Scicom recorded a 4QFY17 decrease of revenue by 12.3% yoy, mainly due to a 12.1% decline in revenue from the outsourcing business segment. Full year 2017 revenue rose slightly by 1.6% yoy to RM199.5m (FY2016: RM196.3m) due to higher revenue from both segments, whilst net profit increased by 8.2% yoy to RM45.4m on the back of falling operational cost resulting from economies of scale. Stripping off exceptional items, core net profit increased by 8.8% to RM44.4m, in line with our full year forecast.
4Q17’s revenue fell due to a reduction in billable headcount for some of their projects under the outsourcing business segment, as a result of a change in clients’ requirements. Nevertheless, the decrease in revenue from billable headcount was offset by more projects secured, amounting to RM8.8m for 4Q17. We are positive on the Group’s effort in constantly upgrading the services provided and maintaining diversified customer base. Given that its outsourcing business segment depends on the growth of its customers, having a diversified customer base from different sectors help to mitigate risks from changes in customers’ demand.

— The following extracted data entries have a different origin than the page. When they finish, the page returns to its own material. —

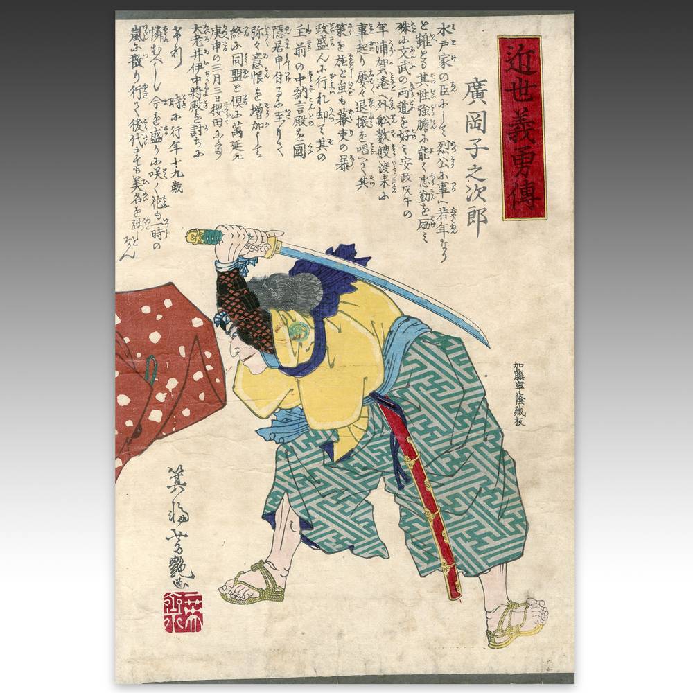 Utagawa Yoshitsuya (1822-1866), also known as Koko Yoshitsuya and Ichieisai Yoshitsuya was a student of Kuniyoshi and, like his master, is best known for his depictions of warriors. This series called "Kinsei Giyu Den" (Loyal Heroes of Recent Times) illustrates samurai warriors involved in the Sakuradamon Incident, one of the major events that triggered the collapse of the Tokugawa rule.
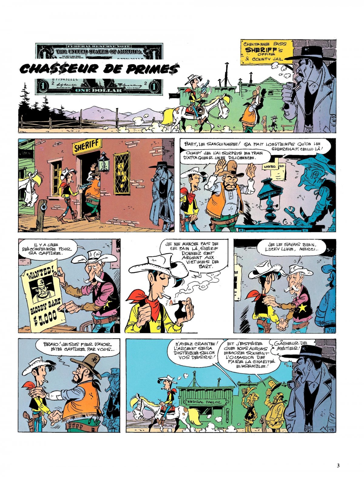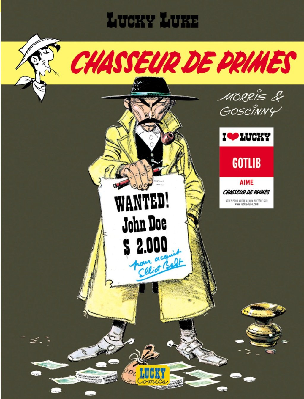 Pour éviter le risque d’une injustice, Lucky Luke décide de retrouver un cheval appartenant à Bronco Fortworth. Mais Fortworth, persuadé que le voleur est le cheyenne Tea Spoon, lance un avis de recherche et une récompense de 100 000 dollars à qui ramènera l’Indien. Le chasseur de primes Elliot Belt (qui ressemble trait pour trait à l’acteur de westerns Lee Van Cleef) est intéressé par l’offre. Il propose à plusieurs reprises à Lucky Luke de s’associer, mais le cow-boy solitaire décline son offre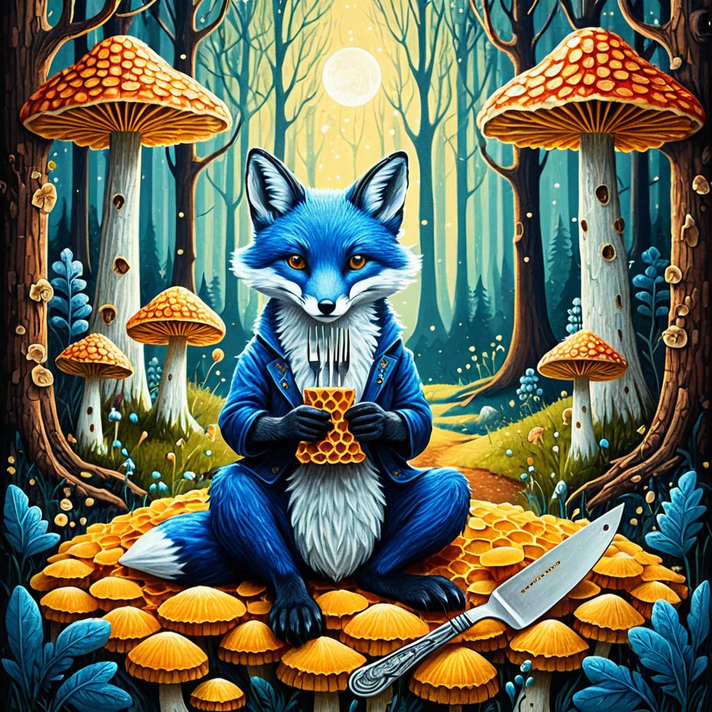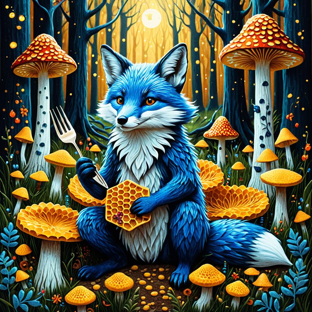 An illustration of a whimsical blue fox seated in an enchanted forest clearing beneath towering, glowing mushrooms, holding a tiny fork and knife over a plump golden honeycomb, rendered in bright bold colors with folk art style, textured brushstrokes and naïve simple shapes for vivid complementary contrast.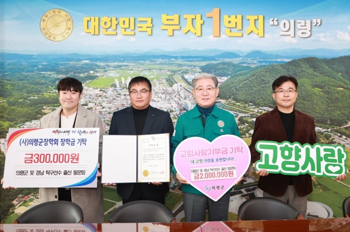 [파이낸셜경제=김예빈 기자] 의령군은 지난 1일 의령군과 경남 지역 탁구선수 출신들로 구성된 동문회가 고향사랑기부금과 (사)의령군장학회 후원금으로 총 230만원을 기탁했다고 밝혔다.

Although we think there is rising demand for tertiary education in Malaysia among foreign students, we cut our earnings slightly for FY18-19E as we expect stricter conditions imposed on foreign students to curtail growth. We still like Scicom as we think it is an attractive e-government service play, underpinned by stable earnings from student visa processing. We maintain our BUY rating, but with a lower 12M target price of RM2.54 based on an unchanged 20x PE. Risks to our recommendation are a loss of outsourcing business customers and fewer-than-expected foreign students.